Un apprendimento dovrebbe essere il più possibile:
- attivo, affinché l’individuo, sulla spinta di una motivazione (possibilmente intrinseca) diriga le proprie energie in modo consapevole e, quindi, responsabile;
- costruttivo, perché le nuove conoscenze devono integrare e modificare le precedenti (dimensione sistemica del sapere);
- cooperativo, perché “nessun uomo è un’isola” e nella comunità ogni individuo arricchisce il gruppo attraverso l’apporto personale;
- intenzionale, perché l’individuo apprende all’interno di un progetto personale e il suo impegno è potente solo quando non prescinde dalla sua libertà (anche: la libertà di non voler apprendere);
- conversazionale, perché attraverso il confronto continuo con gli altri non solo si apprende, ma si consolidano i contenuti appresi, si verificano, entrano a far parte non di elementi accessori della persona, ma della sua stessa identità;
- contestualizzato, perché il sapere significativo ricade nel presente, entra in relazione con la realtà, nutre l’esperienza, e la stessa memorizzazione non avviene in modo de-contestualizzato (tutti si ricordano dove erano e in quale attività erano occupati quando è accaduto un fatto molto significativo – per esempio, l’11 settembre;
- riflessivo, perché dovrebbe avvenire in modo sempre più trasparente al soggetto stesso, in modo che possa compiere le scelte in relazione alle strategie e agli stili di apprendimento che rispondono alla sua personalità.

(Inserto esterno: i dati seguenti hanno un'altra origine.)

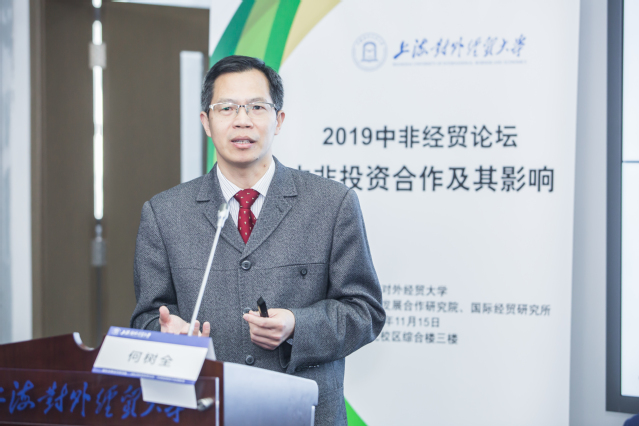 11月15日,由学校主办,国际发展合作研究院、国际经贸研究所承办的“一带一路与自贸区建设:2019中非经贸论坛”研讨会在古北校区举行。论坛开幕式由国际发展合作研究院院长黄梅波教授主持,科研处处长陈子雷、副处长赵蕾在开幕式上和闭幕式上讲话。来自中国社科院西亚非洲研究所、商务部对外贸易与经济合作研究院、南开大学、复旦大学、厦门大学、南京大学、西南财经大学、上海大学、上海师范大学、浙江师范大学、广东外语外贸大学等在非洲经济研究领域拥有卓越影响力的学者和从事中非投资合作实际业务的金融机构国际开发银行、中国进出口银行、中国出口信用保险公司、金砖国家新开发银行和企业代表出席本次会议并对中非投资及其影响的热点问题进行了深入探讨。

Mi sembra ci sia, a fronte di questo elenco, una parola sempre implicita: l’emozione. Non esiste vero sapere che non abbia sapore, che non generi insomma emozione. Apprendere significa infatti cambiare, e ogni cambiamento che avviene nella mappa della nostra identità implica un piccolo shock emozionale.
Se non ci si emoziona, quando si impara, forse non si sta veramente apprendendo.
Sarà banale, ma è così: il nemico numero dell’apprendimento è la noia. Dunque: persino nelle fatiche più ripetitive occorrerebbe inserire un aspetto rituale, una sensatezza che dia lievito umano alla pura, meccanica ripetitività, che a volte diventa necessaria, dopo l’apprendimento, per raggiungere una determinata padronanza, una naturalezza acquisita.